Generating "squeezed" superpositions of coherent states using photon addition and subtraction

TL;DR

This paper demonstrates how photon addition and subtraction techniques can generate high-fidelity squeezed superpositions of coherent states with large amplitudes, advancing quantum state engineering for quantum information applications.

Contribution

It introduces a method to produce SSCS with nearly perfect fidelity and large amplitudes using photon subtraction and addition, including analysis of experimental imperfections.

Findings

Photon subtraction yields SSCS with fidelity > 0.999 regardless of photon number.

Increasing the number of subtracted photons increases the SSCS amplitude.

Photon addition after subtraction produces SSCS with higher amplitude but slightly lower fidelity.

Abstract

We study how photon addition and subtraction can be used to generate squeezed superpositions of coherent states in free-traveling fields (SSCSs) with high fidelities and large amplitudes.

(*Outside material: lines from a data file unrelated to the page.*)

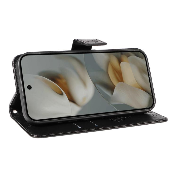 For Google Pixel 10 Pro XL 5G Global Tree & Cat Embossed Pattern Flip Leather Phone Case(Black)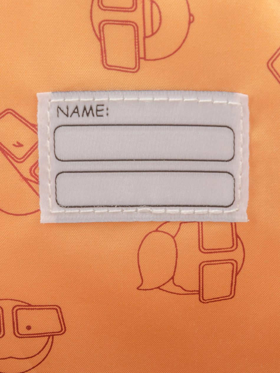 - Etykieta z miejscem na wpisanie imienia - ułatwia znalezienie plecaka dziecka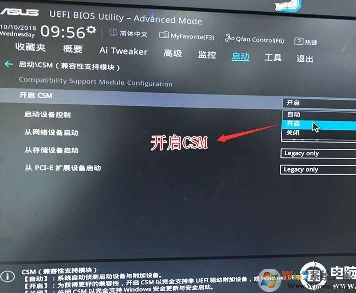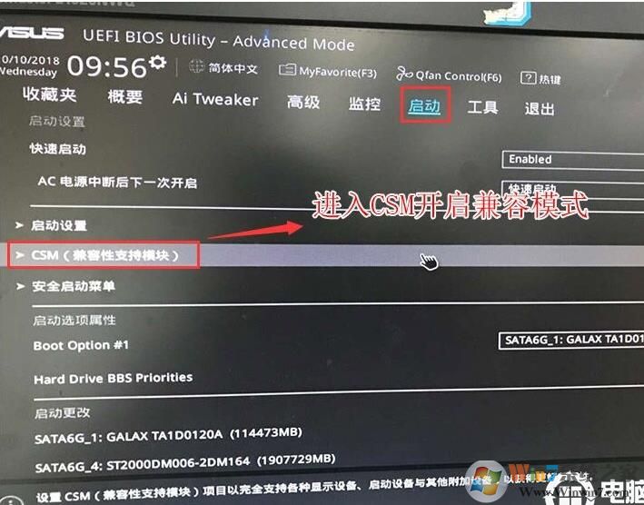 4、再返回到"启动"的选项,把CSM由disabled改成enabled,开启兼容模式,如下图所示;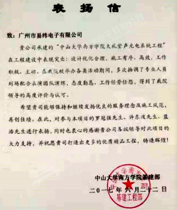 院方在表扬信中说:贵司在工程建设中表现突出,设计优化合理,施工有序、高效,工作积极主动。在我院举办各类活动期间,多次抽调专业人员到场配合表演团队演练,态度勤恳,工作任劳任怨,得到了我院领导的高度评价与认可。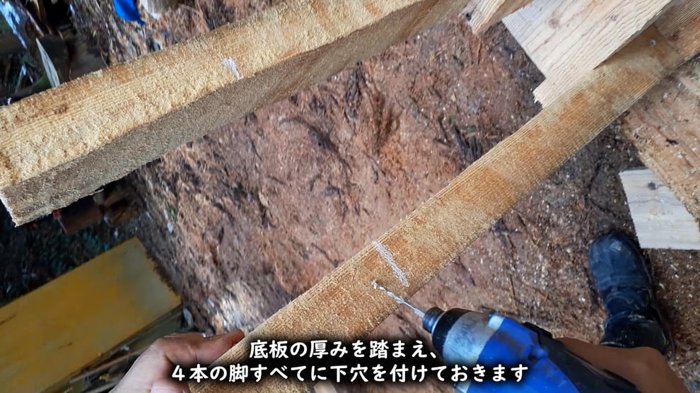 そして底板の厚みを踏まえ、4本の脚すべてに下穴を付けておきます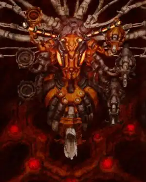 The ultimate weapon of the enemy robot forces, it is a gigantic bee that can shoot out a lot of bullets. Pictured to the right is not Hibachi itself, but rather, its regeneration chamber in DaiOuJou since Hibachi is actually too small to get an accurate image of (since it would be covered in bullets and lasers half as large as itself). It first appeared in DonPachi as the True Final Boss, although considerably larger than it was in DoDonPachi and beyond.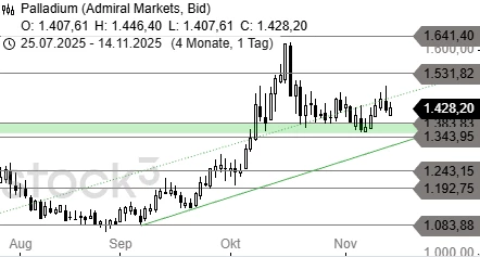 Der erste Versuch, sich über den Widerstand bei 1.475 USD zu arbeiten, wurde knapp vor der 1.500-USD-Marke gestoppt. Allerdings könnte Palladium ausgehend von 1.383 USD jetzt zu einer zweiten Kaufwelle ansetzen. Kurse unter 1.343 USD würden dagegen die Bären auf den Plan rufen.

It is shown that an arbitrary $N$-photon subtraction results in the generation of a SSCS with nearly the perfect fidelity ($F>0.999$) regardless of the number of photons subtracted. In this case, the amplitude of the SSCS increases as the number of the subtracted photons gets larger. For example, two-photon subtraction from a squeezed vacuum state of 6.1dB can generate a SSCS of $\alpha=1.26$, while in the case of the four-photon subtraction a SSCS of a larger amplitude $\alpha=1.65$ is obtained under the same condition. When a photon is subtracted from a squeezed vacuum state and another photon is added subsequently, a SSCS with a lower fidelity ($F\approx 0.96$) yet higher amplitude ($\alpha\approx2$) can be generated. We analyze some experimental imperfections including inefficiency of the detector used for the photon subtraction.